An additional, note-worthy consideration for review boards is demonstrated by the National Institute of Health (NIH)’s All Of Us research initiative for precision medicine’s approach to broadening the review process to incorporate considerations of stigmatizing research (2010). Some ML work has received significant criticism in relation to the disproportionate implications for oppressed and disempowered groups. For example, facial image recognition has generated substantial controversy outside of healthcare, with groups like the Academy of Computing Machinery calling for an outright ban on this work (ACM U.S. Technology Policy Committee Citation2020; Raji et al. Citation2020). Yet, ML-enabled processing of facial images can have beneficial applications in the context of certain clinical tasks (McCradden, Patel, and Chad Citation2021). An ethics review process could seek to balance the risks and implications identified by the technology in general to justify the use of the same technology in a research endeavor.

Informed Consent

For the reasons outlined above, we take it as a given that informed consent to participate in a study involving prospective clinical evaluation of ML tools would be prima facie required.
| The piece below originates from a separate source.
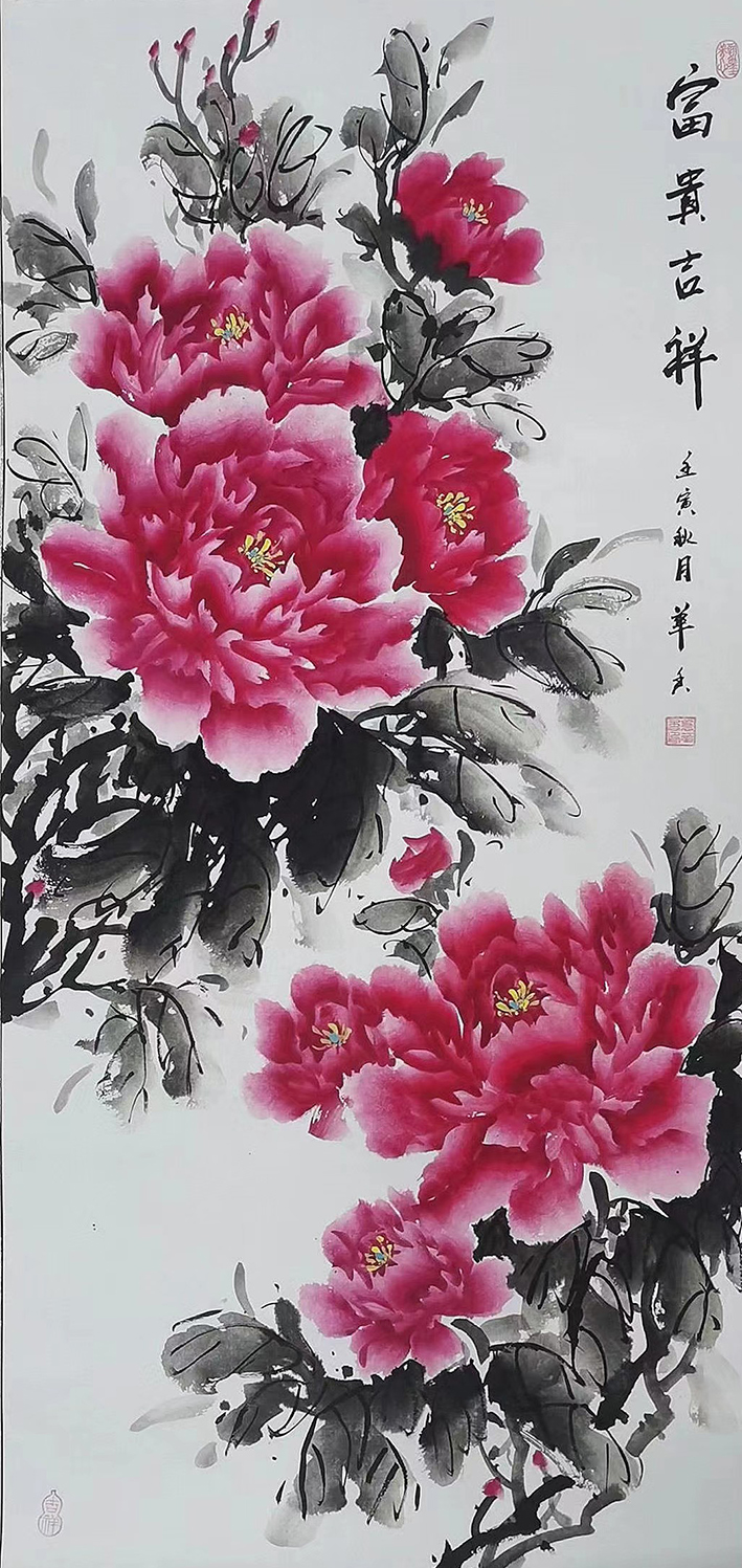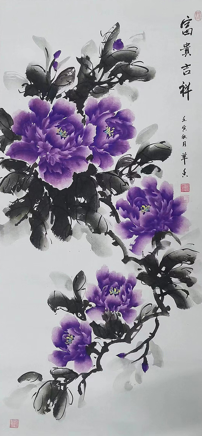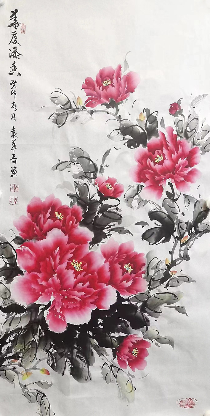 袁华香,女,生于1970年。自幼酷爱绘画,但由于家境原因,与绘画失之交臂! 93年开始创业,从事零售行业近30年,在创业成功后,不忘初心,回馈社会,坚持做公益事业13年,传递正能量,用爱心证明着自己的价值!为圆幼时梦想,提起毛笔开始学习国画,偶遇会派牡丹创始人李会老师,严己求教,笔耕不辍,将对艺术的热爱倾洒于笔端,所作国画作品更是充满灵动与洒脱,俗话说:画品如人品,观画即能看到艺术家的内心深处,柔中带刚,刚柔并济,画出了非凡的气质,这与画家多年来深厚的功底和发自内心对绘画的热爱是分不开的。
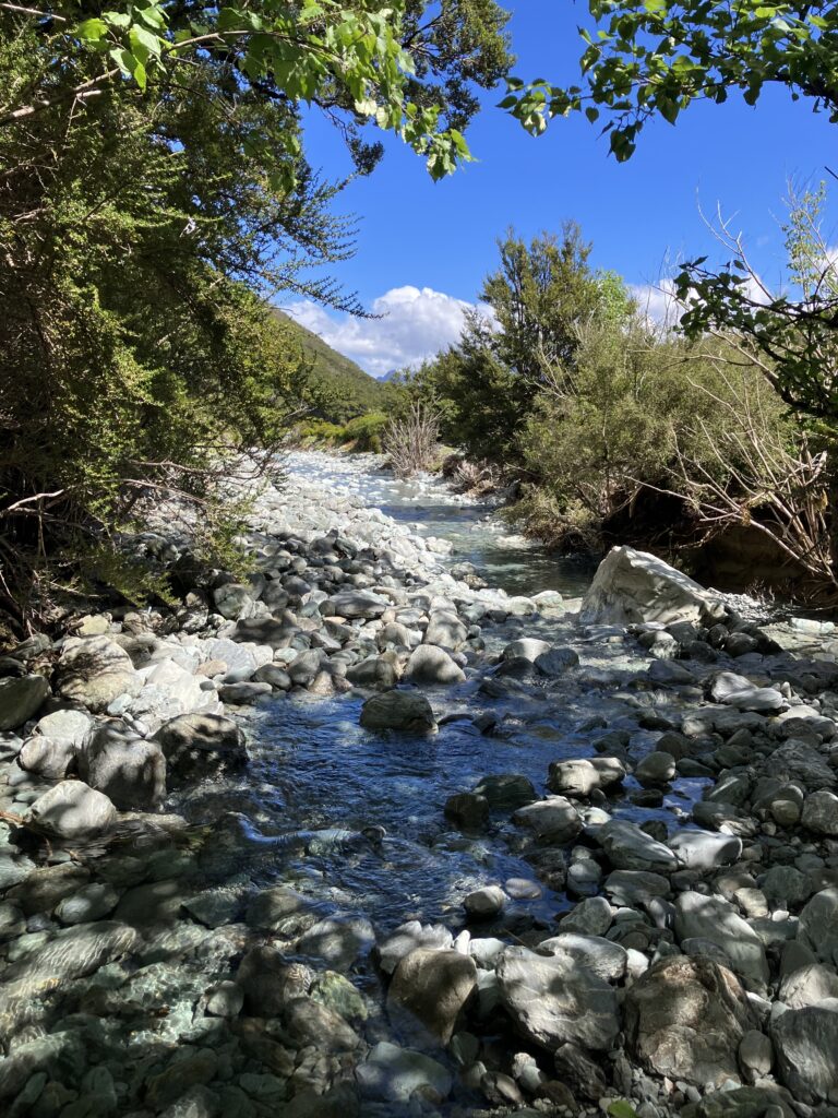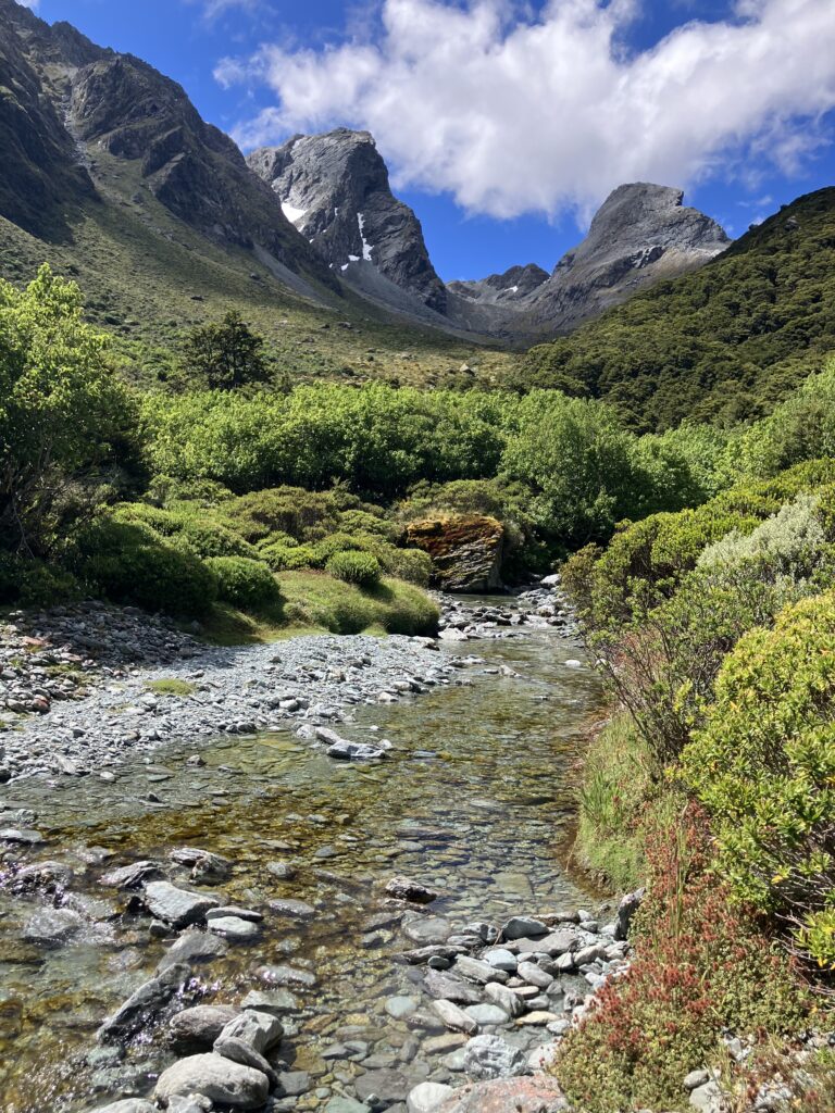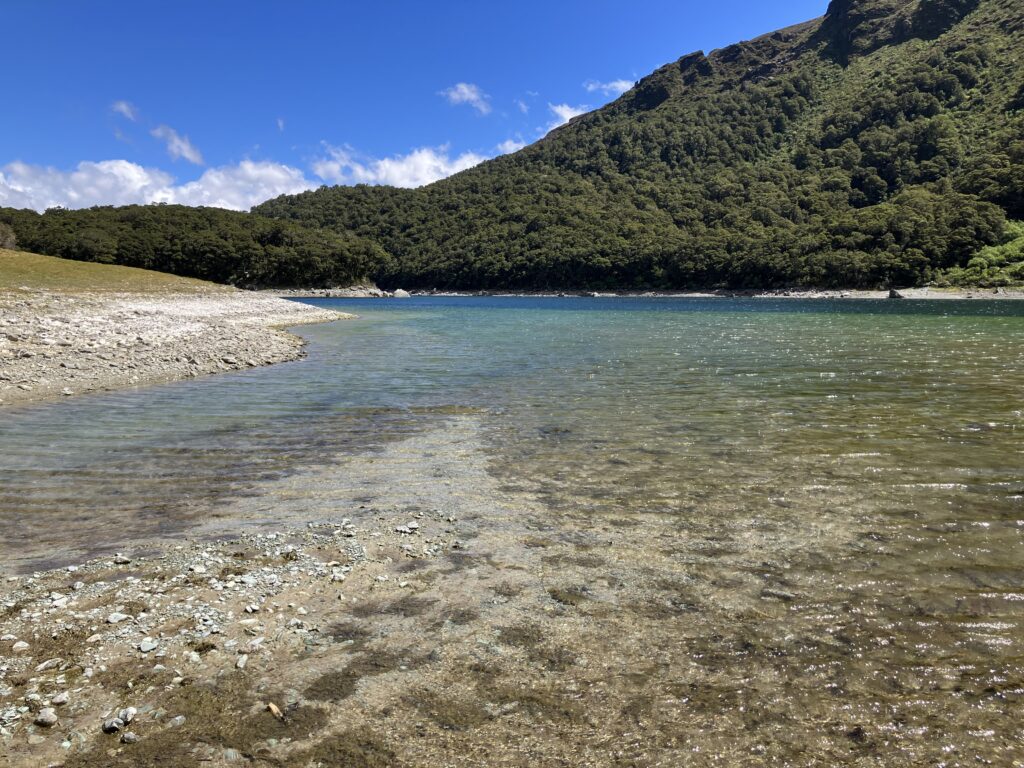 79日目は、お天気が良いので休憩時間中に自分をなんとか奮い立たせ、湖へ散歩に出かけました。先週、F小屋にクララと行った時に、F小屋のスタッフが休憩時間走ったり散歩に出かけていたので、私も外に出ないと!とシーズン半分を過ぎて今更ながら気づいたのです(笑)。それはクララも同じで、彼女はOPC=オーシャンピークコーナーまで行くと言っています。森林限界を超えて海が見える地点まで登って下るとのことです。

Notably, IRB/REBs may elect to waive informed consent under specific circumstances or in relation to particular activities. For example, Faden et al. (Citation2013) argue that informed consent is not always a necessary condition for low-risk interventional research. It is important to recognize that despite a relatively ubiquitous characterization of ML being low risk, even “low-risk” interventions can entail higher mortality in the intervention group (Wilson Citation2021). There are a plethora of consent models advocated within the literature, and none of which could plausibly apply to all the ML models evaluated through the process we articulate in this paper. As such, we do not advocate for a particular approach to consent in this article, but instead advocate for the involvement of the group most expert in determining consent models—namely, the IRB/REB—and would welcome peer commentary on this account. We note, however, that many notions of risk consider it to be uniform across all participants – yet, as indicated above, this is not the case for many ML models, nor for exploratory research. For some excellent reviews and commentaries on the topic, the reader is referred to Mittelstadt and Floridi (Citation2016), Grady et al. (Citation2015), Ploug and Holm (Citation2017), and Vayena and Blasimme (Citation2018).

CONCLUSION

This paper has proposed and justified a process by which evaluation and translation of ML models may be conducted using existing research ethics guidelines and associated privacy protections. We outline how the adapted process can still serve the fundamental ethical principles that underlie evidence-based research conduct. We consider this process an evolving one that will continue to adapt to the needs of this developing science and emerging institutional and legal guidelines that will emerge to accommodate novel technologies like healthcare machine learning. We look forward to commentary from our peers to share practices, insights, and learnings to enable a robust, trustworthy foundation for the clinical translation of ML systems grounded in clinical evidence.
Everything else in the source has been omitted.